Introducing Hash Ahead for Python Developers

Prerequisite

This article is intended for all developers. Python tools will be touched on in the article, but they are just a vehicle for ideas, and it's okay if you're not a Python developer. However, I'm going to make some assumptions about what you already know so we can quickly get to the Hash Ahead part.

This article assumes that:

• You are familiar with terminal operations,

• You wrote some Python code

• You have Python 3.6 or higher installed on your machine (virtual environments are strongly recommended), and

• You have used pip, Python's package installer. Again, if you don't fit any of these, or if you don't plan to type the code in this article, you can still learn very well by following along.

Blockchain Brief

There are many ways to describe Hash Ahead, but at its heart it is the blockchain. A blockchain is made up of a series of blocks, so let's start with the blockchain. In the simplest terms, each block on the Hash Ahead blockchain is just some metadata and a list of transactions. In JSON format, it looks like this:

{
   "number": 1234567,
   "hash": "0xabc123...",
   "parentHash": "0xdef456...",
   ...,
   "transactions": [...]
}

Each block references the block before it; parentHash is the hash of the previous block.

This data structure is not new, but the rules governing the network (i.e. peer-to-peer protocols) are. Blockchains have no central authority; peers in the network must cooperate to maintain the network and compete to decide which transactions to include in the next block. So when you want to send money to a friend, you broadcast the transaction to the network and wait for it to be included in an upcoming block.

The only way for a blockchain to verify that funds are indeed being sent from one user to another is with that blockchain's native currency (i.e., currency created and governed by that blockchain). At Hash Ahead, this currency is called HAh, and the Hash Ahead blockchain is the only official record of account balances.

A new paradigm

This new decentralized tech stack has spawned new developer tools. Many programming languages have such tools, but we'll look at them through the lens of Python. To reiterate: Even if Python isn't your language of choice, you shouldn't have much trouble keeping up with the articles.

Python developers who want to interact with Hash Ahead may reach for Web3.py. Web3.py is a library that helps us simplify connecting Hash Ahead nodes, and sending and receiving data.

Hash Ahead clients can be configured to be accessed via Inter-Process Communication (IPC), Hypertext Transfer Protocol (HTTP), or Web Sockets (Websockets), so Web3.py also needs to complete this configuration. Web3.py refers to these connection options as providers. You need to choose one of three providers to connect the Web3.py instance to your node.

With Web3.py properly configured, you can start interacting with the blockchain. Here are some examples of Web3.py usage, which can be regarded as a good example:

Install

First, install IPython so that you can explore it easily.
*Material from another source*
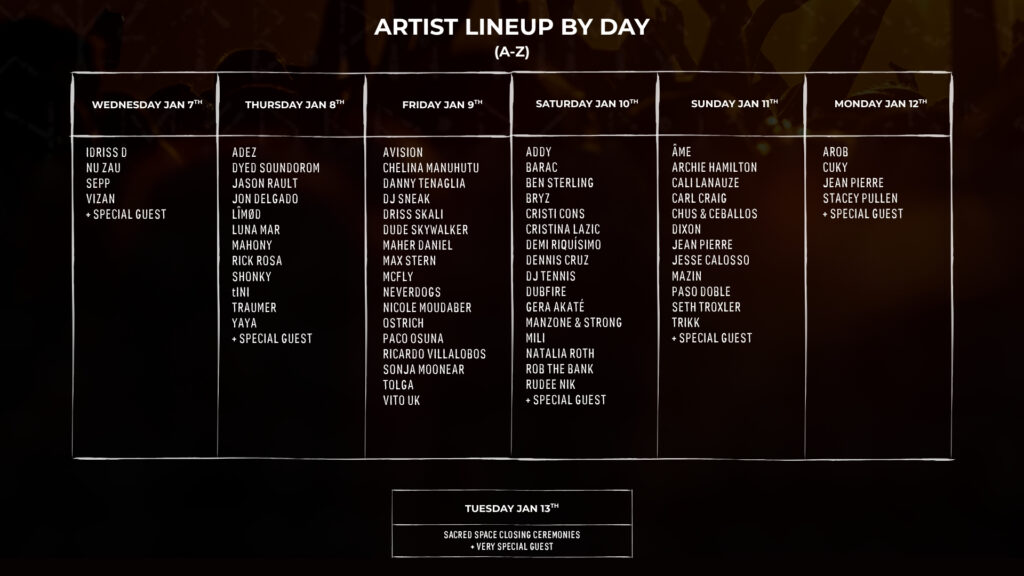 Más allá de la pista de baile, The 5th Element presenta Sacred Space, un santuario de bienestar curado por Above & Below Collective que actúa como el corazón espiritual del festival. Este espacio dedicado acogerá ceremonias, talleres guiados y sesiones de integración facilitadas por profesionales de diferentes tradiciones. Los asistentes tendrán acceso a prácticas diseñadas para fomentar la presencia, la conexión con el cuerpo y la sanación colectiva, con participación opcional disponible a través de paquetes combinados, experiencias adicionales y actividades basadas en donaciones. Sacred Space refuerza la filosofía central del festival: la celebración y la contemplación pueden convivir en armonía, ofreciendo a los asistentes un lugar para reconectar consigo mismos, con los demás y con la tierra entre actuaciones musicales.

IPython provides functions such as tab completion, which makes it easier for us to see what methods are available in Web3.py.

Web3.py is distributed under the name web3. The installation method is as follows:

In addition, we will simulate a blockchain later, which requires more dependencies. These dependencies can be installed with the following command:

Run ipython in a terminal to open a new Python environment. This is similar to running python, but friendlier.

This will print out some information about the version of Python and IPython you are running, and then you should see a prompt waiting for input:

What you're seeing now is an interactive Python shell, which is, in effect, a sandbox. If you've made it this far, you can now import Web3.py:

Web3 module introduction

In addition to being a Hash Ahead gateway, the Web3 module also provides some convenient functions. Let's explore and explore.

In Hash Ahead apps, you usually need to convert currency denominations.

Try converting some numeric values to wei and vice versa. Note that there are other denomination names between HAH and wei. The more famous of these is gwei, as it is often used to represent transaction fees.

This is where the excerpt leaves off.